Living with Mental Illness

Mental illness is a common affliction. There are approximately 400,000 people who suffer from mental illness living in Harris County. One in five Houston-area children has some form of illness. Nationally, three to five percent of all children under 18 have a severe mental disorder. It is estimated that more than 15 million Americans suffer from depression. Anxiety afflicts about 30 million people, and millions more suffer from obsessive-compulsive disorder, panic attacks and phobias.

Some victims aren't even aware of their illnesses, which are readily noticed by others. Many others turn to personal and social diversions as a means of dealing with their problems. Those who do seek treatment are finding increasingly better results, allowing as many as 80 percent of patients to return to normal, productive lives. You are not alone.

When mental illnesses strike, they reach far beyond their victims. Family members, friends, co-workers and many others suffer as well. But family and friends can potentially be the best help for victims.

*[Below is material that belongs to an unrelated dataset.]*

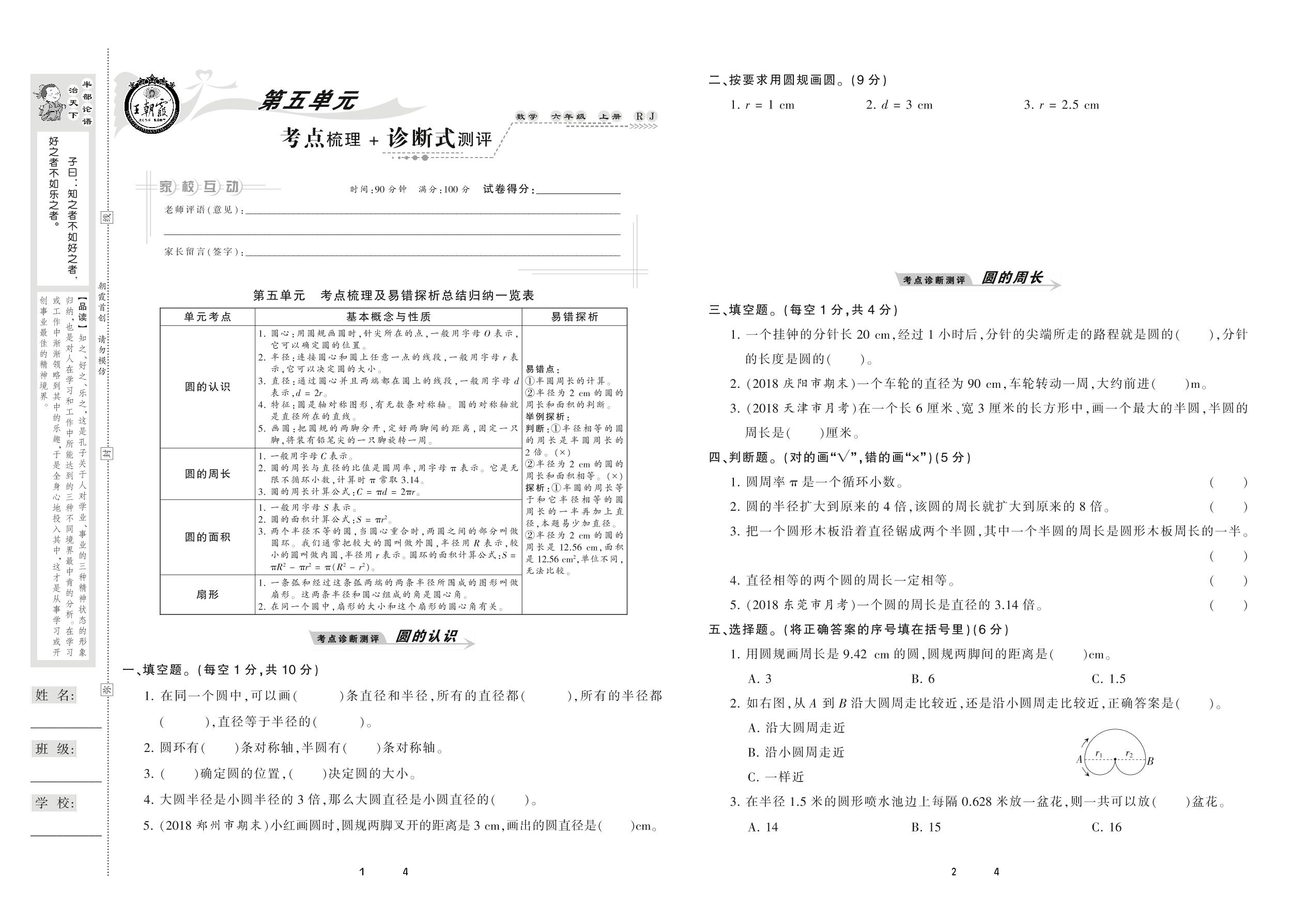 2020上册六年级数学人教版 第五单元 考点梳理+诊断式测评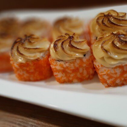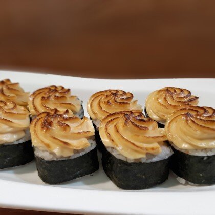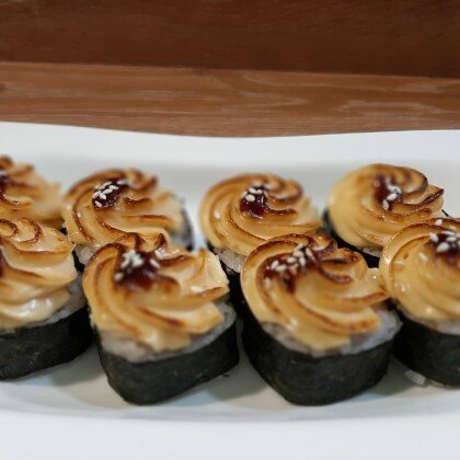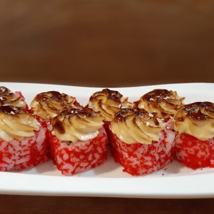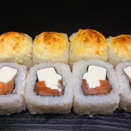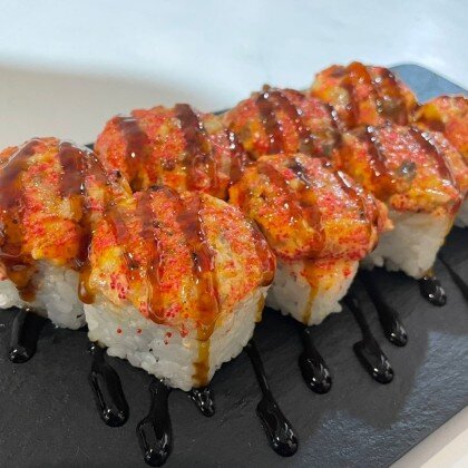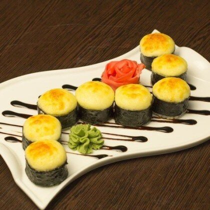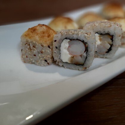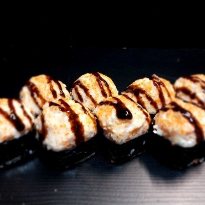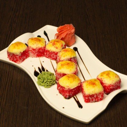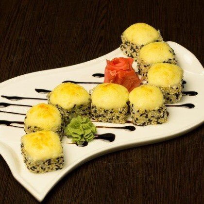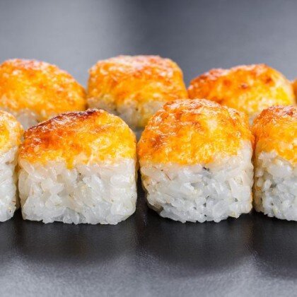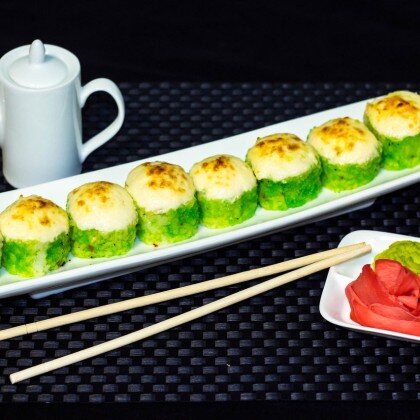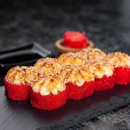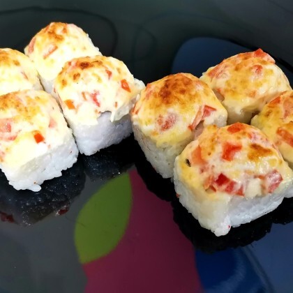 Рис, крем-краб, огурец, сыр моцарелла, икра масаго,

How Family and Friends Can Help

One of the greatest helps to a friend or loved one with a mental illness is emotional support. Family and friends should sincerely listen to the
person with the disorder, offering reassurance. They can help the person become involved in his or her own treatment. They can be the rational, stable support in the difficult and frustrating times.

Family and friends should plan ahead and be prepared for possible crises. Keep names and doses of medications, phone numbers, and other important information and materials readily available.

Dealing with a relative or friend with a mental disorder can be tremendously stressful. Family and friends can find emotional support, understanding and hope from outreach, education and advocacy groups. Whether you are the victim, a family member or a friend, everyone who is affected by mental illness should seek help.

Treatments

Mental health professionals offer a wide range of effective therapies and treatments, drawing on significant advances in procedures and technologies. Most serious mental illnesses require a combination of medication and supportive psychological therapies either in the hospital or on an outpatient basis.

Medication is commonly prescribed for mental illness and has proved itself to be an increasingly effective tool. This type of treatment requires careful supervision by a physician and is targeted at the chemical imbalances associated with mental illness.

Psychotherapy addresses the emotional response to mental illness. Coping with life's stressful events is especially difficult for people with mental illness. Psychotherapists help patients understand their emotions and deal with their problems in a more confident, healthy way. Group psychotherapy, led by a licensed psychotherapist, allows patients to draw emotional support from others with similar problems.

Supportive therapies include a number of related activities designed to enhance treatment of mental illness. Occupational therapy helps patients return to daily living skills and routines that may have been impaired by mental illness. Activity therapy focuses on problems through recreational and group activities.

The most successful treatments of medication, psychotherapy and supportive therapies are tailored to the individual patient's needs under the close supervision of a psychiatrist, a physician who specializes in mental illnesses.